Purpose : Axon degeneration is a key pathological process in neurodegenerative diseases and may result in neuronal disconnection or death. Excitotoxicity is a pathological process known to occur in a variety of diseases and is known to be capable of inducing axonal degeneration, however, the mechanisms are poorly understood. Cell culture studies have provided insight into our understanding of excitotoxicity and this can be further developed when studied in an in vivo context. The visual system presents as an ideal model to study axon degeneration because of its accessibility as a CNS structure and its well-defined anatomy. This study aimed to characterize an in vivo model of CNS excitotoxicity in the visual system of mice.

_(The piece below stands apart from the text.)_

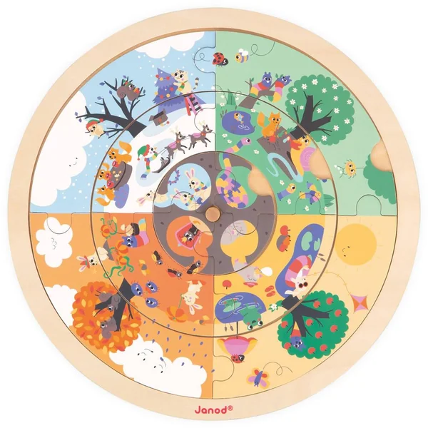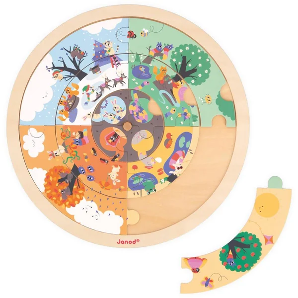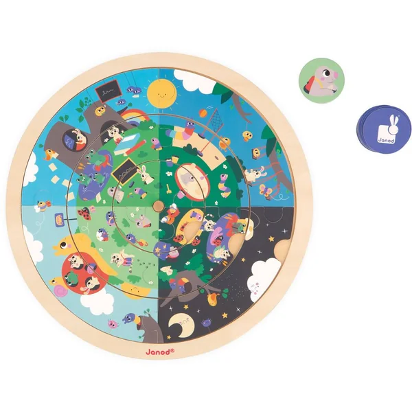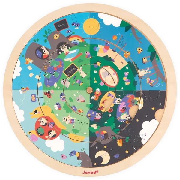 Bienvenue dans le jardin ! Découvre le déroulement d’une journée et apprend les saisons en observant les animaux et leur environnement. Ce puzzle recto-verso permettra à votre enfant de développer sa concentration et son sens de l’observation tout en s’amusant. Le jeu se compose d’un support, 12 pièces de puzzle en bois, 20 cartes et 1 cache en carton. Ce puzzle aborde le déroulement d’une journée au recto et les saisons au verso. Une fois le puzzle reconstitué, votre enfant pourra faire tourner les différents cercles afin de faire correspondre les 4 saisons ou les 4 moments de la journée. Parfait pour apprendre en s’amusant ! Le jeu se poursuit également avec une activité de Cherche et trouve à l’aide du cache. Doté de 3 ouvertures, il suffit de le faire tourner sur le puzzle pour tenter de retrouver les éléments illustrés sur les cartes. La couleur au dos des cartes indique sur quel puzzle l’élément est à retrouver. Pratique ! Jeu en bois et en carton FSCTM. Jeu éducatif développé en collaboration avec une professeure des écoles pour les enfants à partir de 4 ans.

Methods : Intravitreal administration of either the excitotoxin kainic acid (KA, n=41), or a vehicle control (PBS, n=13) was performed on adult C57BL/6J mice. Optomotor analysis was performed on all mice as a measure of visual acuity at 1 day before and 1 and 7 days after surgery. Retinal flat-mounts were immunolabelled for cytoskeletal and glial markers. Transmission electron microscopy (TEM) was performed on optic nerve tissue to observe alterations to the morphology, myelin, and cytoskeletal profiles of the RGC axons.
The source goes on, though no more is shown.